Ok, so you know how this functions: I am sending all my power to John now. Now. Now.

Now.

Come on man. Oh shit, you?re weak. You wounds will heal... it will take some time... a little of time... I am so sorry it hurts you so much... come on man... you are strong. STRONG.

Yes, relax. That?s ok. You can relax. You don?t have to fear anything. Ok. Hey John... yes. Brave boy. No, I am staying. I will pray for you tonight. God is with you. His angels will protect you. Hey John... we?ll have a beer. Sometime. Don?t worry. You are going to make it.

Hey Christine... make sure you stay with him, or your family, constantly just sitting by his side maybe if you can.

All my love, my respect and my prayers go to John, and to your family.

Hey John... you?re still there? Yeah... talk to you tonight.
 
Y'know.. I was really debating whether or not to post about this but I'm very glad I did. Thank you all.. each and every one of you for being so supportive and sending thoughts and prayers. Thank you to those of you that shared your similar stories with me. This is probly the hardest time of my life and it really helps to have so much support from my friends and family.. and especially my boyfriend.

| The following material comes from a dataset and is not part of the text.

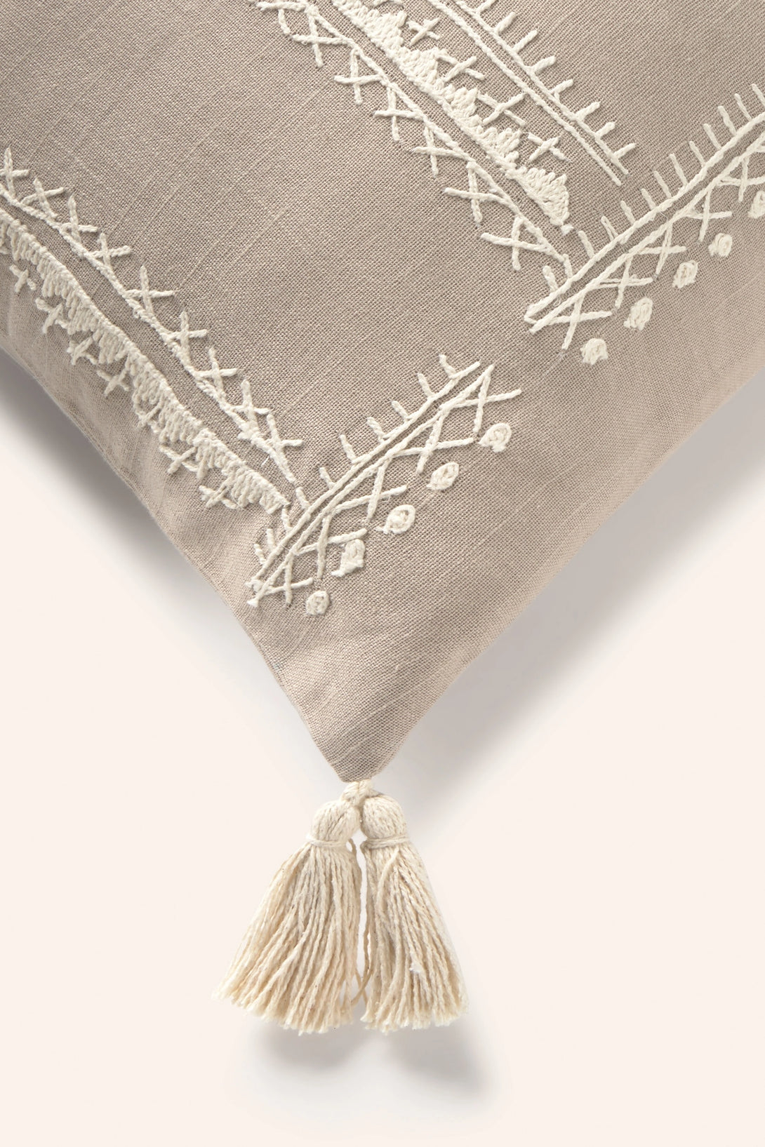 Funda de cojín cuadrada con bordado en tonos piedra Traste

I guess I misunderstood the doctors.. or they didnt explain it clearly :rolleyes: but he will be in intensive care for 3 weeks and in the hospital for months. :sad: then he will need rehab and help with everything. It will be a long slow painful process and I ache for him. He is extremely independent so I dont know how he will deal with this. I feel bad when I eat because I know he cant eat, I feel bad when I walk because I know he cant walk.. I feel like I shouldnt smile or laugh.. *sigh. I think he will be having surgery on his arm today or tomorrow. He already has one rod through his leg and will need one in his arm. His lung is collapsed too.. I dont think I mentioned that.

I'm selfishly glad his bike is in a million pieces. What makes me the angriest is that I knew this would happen. He didnt belong on a motorcycle. He's only had it for a couple weeks.

Thanks for listening and letting me rant. This is the only thread I feel comfortable in right now.